I couldn’t forget that moment in a thousand years, not even if I tried.

She stepped into that room, and it was like the world froze briefly.

I’d never seen anything more beautiful. She was like a work of art, porcelain poured into a one-shouldered champagne gown that showed off the line of one leg, high heels that bent across the graceful arch of her foot, her blonde hair done in old Hollywood waves and pushed to one side.

Her mouth had been a slash of red that I’d dreamed countless times after of wearing around my cock.

I’d never wanted a woman so viscerally, so entirely, than I wanted her in that moment, like being struck by lightning.

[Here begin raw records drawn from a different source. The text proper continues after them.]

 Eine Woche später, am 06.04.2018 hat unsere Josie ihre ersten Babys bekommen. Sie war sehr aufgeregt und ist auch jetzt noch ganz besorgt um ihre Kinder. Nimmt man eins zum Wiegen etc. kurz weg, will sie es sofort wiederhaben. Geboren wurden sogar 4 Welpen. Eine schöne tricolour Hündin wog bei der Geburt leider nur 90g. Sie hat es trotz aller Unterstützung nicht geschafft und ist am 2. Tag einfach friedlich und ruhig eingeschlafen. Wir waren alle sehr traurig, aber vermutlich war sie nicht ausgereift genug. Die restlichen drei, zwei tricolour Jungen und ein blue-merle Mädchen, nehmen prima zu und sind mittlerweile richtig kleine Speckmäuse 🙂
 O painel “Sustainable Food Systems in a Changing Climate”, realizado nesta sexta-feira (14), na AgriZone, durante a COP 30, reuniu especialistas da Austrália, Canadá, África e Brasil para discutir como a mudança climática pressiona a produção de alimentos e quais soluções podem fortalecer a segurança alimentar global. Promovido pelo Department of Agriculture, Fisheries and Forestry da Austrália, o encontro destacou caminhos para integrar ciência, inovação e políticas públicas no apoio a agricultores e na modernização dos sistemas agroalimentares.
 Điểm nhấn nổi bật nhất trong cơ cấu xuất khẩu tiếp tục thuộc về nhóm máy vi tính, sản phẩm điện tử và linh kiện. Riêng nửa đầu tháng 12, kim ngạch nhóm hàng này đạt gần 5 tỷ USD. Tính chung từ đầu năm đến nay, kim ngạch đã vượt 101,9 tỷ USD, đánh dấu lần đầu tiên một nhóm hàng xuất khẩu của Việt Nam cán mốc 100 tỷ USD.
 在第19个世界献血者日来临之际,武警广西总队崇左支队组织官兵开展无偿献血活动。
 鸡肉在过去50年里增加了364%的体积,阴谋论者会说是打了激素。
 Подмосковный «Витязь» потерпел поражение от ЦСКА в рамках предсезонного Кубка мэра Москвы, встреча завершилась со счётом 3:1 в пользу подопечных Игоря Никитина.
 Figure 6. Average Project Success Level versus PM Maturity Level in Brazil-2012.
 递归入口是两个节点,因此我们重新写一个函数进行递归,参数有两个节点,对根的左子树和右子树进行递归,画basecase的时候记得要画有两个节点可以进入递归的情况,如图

And she was meant for Ilya. The Pakhan of Boston. My boss.

I can count the number of times I’ve ever spoken to her on one hand.

I’m Ilya’s enforcer, his bloody right hand, and there were very few times that I was ever required to say something to Svetlana Morozova.

But I helped her into a car once, and when she touched my hand, met my eyes, what I felt was more arousing than any woman I’ve fucked has ever been.

I remember going home that night and dreaming about her, getting off with the same hand she’d touched, lusting after her in a way that felt vicious, primal. Now, seeing her curled in this cell, broken and used and bloodied, I feel a sweeping wave of guilt for that… and so much more.

The contrast is obscene. That woman in the champagne dress, diamonds glittering at her throat, moving through a ballroom like a queen—and this woman, this broken thing curled in the corner, covered in filth and blood.

What have they done to her?

What have we done to her?

Because I was there that night when everything fell apart, when Ilya and I swept in guns blazing to save Mara from Sergei Kima, and found Svetlana there, too.

When I wanted to go to her, to help her, Ilya told me to stop.

When he told her to get out, without caring about what happened to her next, because she’d angered him, hurt Mara, the one thing that he can’t forgive.

And I obeyed. I had no idea what happened to her after that.

I have no idea what could possibly have caused her to come to this. To be here, instead of in Boston.

I have no idea how long she’s been enduring this torture, this degradation.